The farmer nodded and rubbed his chin with a finger.
“How old is she?”
“She’s four years old. Course the doctor’s always sayin he’s surprised she’s lived this long. They said at first she would never live this long.” He lifted his head and looked off into the distance, shaking his head slightly in awe. “She don’t never complain, though. Just to look at her you’d never think they’s nothin wrong with her.”
“Well, Lord,” the farmer said softly. “I got a granddaughter four years old.” He had one hand in his back pocket and one hand rubbing his lower lip in indecision. It didn’t take him long. He pulled out his billfold and opened it. He took some money out and thrust it at the old man as if it were burning his fingers.
“Take this,” he said. “She might need somethin else.”
Wade didn’t look at the money but shook his head firmly. “I couldn’t take that,” he said. “I can’t take that.”
The farmer shook the money at him. “Go on,” he said. “Hell fire. Take it.”
“I sure hate to, mister. You done been so good already.”
The farmer walked close and stuffed the money down in the old man’s pocket. Wade stood with his head down, shaking it. He did that for about a minute. Then he turned and took five steps and stopped and looked back. The farmer was standing in the gravel watching him, his face touched with compassion or maybe something else.
“I got a bunch of stuff to do here or I’d carry you on into town,” he said, and he seemed still ashamed. “But if I’m here when you come back by I’ll be proud to give you a ride back home.”
“I thank you,” Wade said. “I reckon I better get on uptown and see about that medicine.”

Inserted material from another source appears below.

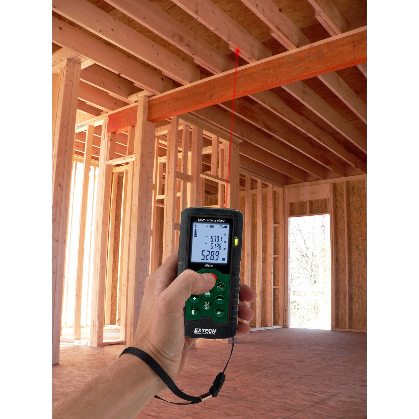 Extech DT60M meet een afstand tot 60 meter. Het kan oppervlakte en volume berekenen en met de geïntegreerde stelling van Pythagoras stelt het de gebruiker in staat om indirecte metingen te doen. Andere functies zijn onder meer continue meting met Min/Max-functie, automatisch opslaan tot 20 metingen, toevoegen/aftrekken van sequentiële metingen, voor-of achterrandreferentie, en een Stakeout-functie. Groot achtergrondverlicht LCD-scherm en dubbel gevormde behuizing. Extech DT60M beschikt ook over een geïntegreerd waterpas.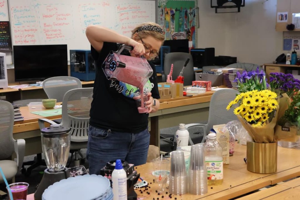 -Making smoothies for staff

“Well. I hope your youngun gets all
right,” the farmer said softly.
The old man nodded and walked away.
In the air-conditioned cool of the supermarket he plucked a small bunch of grapes from the produce stand and had them all in his mouth by the time he got to the peanut butter. Squatting against the shining jars of jelly, he worked his mouth stealthily, firing the seeds down between his feet into a razored-open carton that he pulled from beneath the shelves. He went up front and got a cart and loaded the little section in the rear with dented cans of Vienna sausage and purple hull peas from a crate of damaged goods marked down to quarter price. He was a careful shopper, a bargain hunter adding figures in his head, carrying the ones. Like a blank-eyed countryman, he stopped in the middle of the aisle with his face up, as if the computations he performed so swiftly in his mind were written on the ceiling panels. He paused beside the dairy case, idly inspecting the merchandise, noting with disbelief the price of real butter. When no one was looking he opened a plastic half-pint of grape juice from the shelf and poured it down his throat, placing the empty carton behind the full ones. A few feet away, a boy in a green apron came pushing out from the double metal doors that led to the back. He got a quick glimpse of baled flour tiered to the roof, dog food on skids, block walls against which pallets of beer and soft drinks were neatly arrayed. He pushed his cart down to the meat case and examined the chickens and pork chops. Leg quarters were on sale for twenty-nine cents a pound but he passed them by. He picked up a package of sliced smoked picnic ham, the meat so brown and delicately marbled, the cooked hub of sawn bone in the middle. It was $6.97 for eight slices. He dropped it in his cart. Through the glass he could see a great hanging side of beef on a hook and butchers at work around tables. There was a button to summon the meatcutters set into the front of the case, and he pushed his cart down to it and pressed it with his finger, watching them. Heads looked up, looked back down. A young black man with a white paper cap on his head stared at him with thinly veiled disgust and wiped his hands on a paper towel before coming out to the front. He bent over the meat case and rearranged sirloin steaks and chuck roasts as he worked his way down to this customer.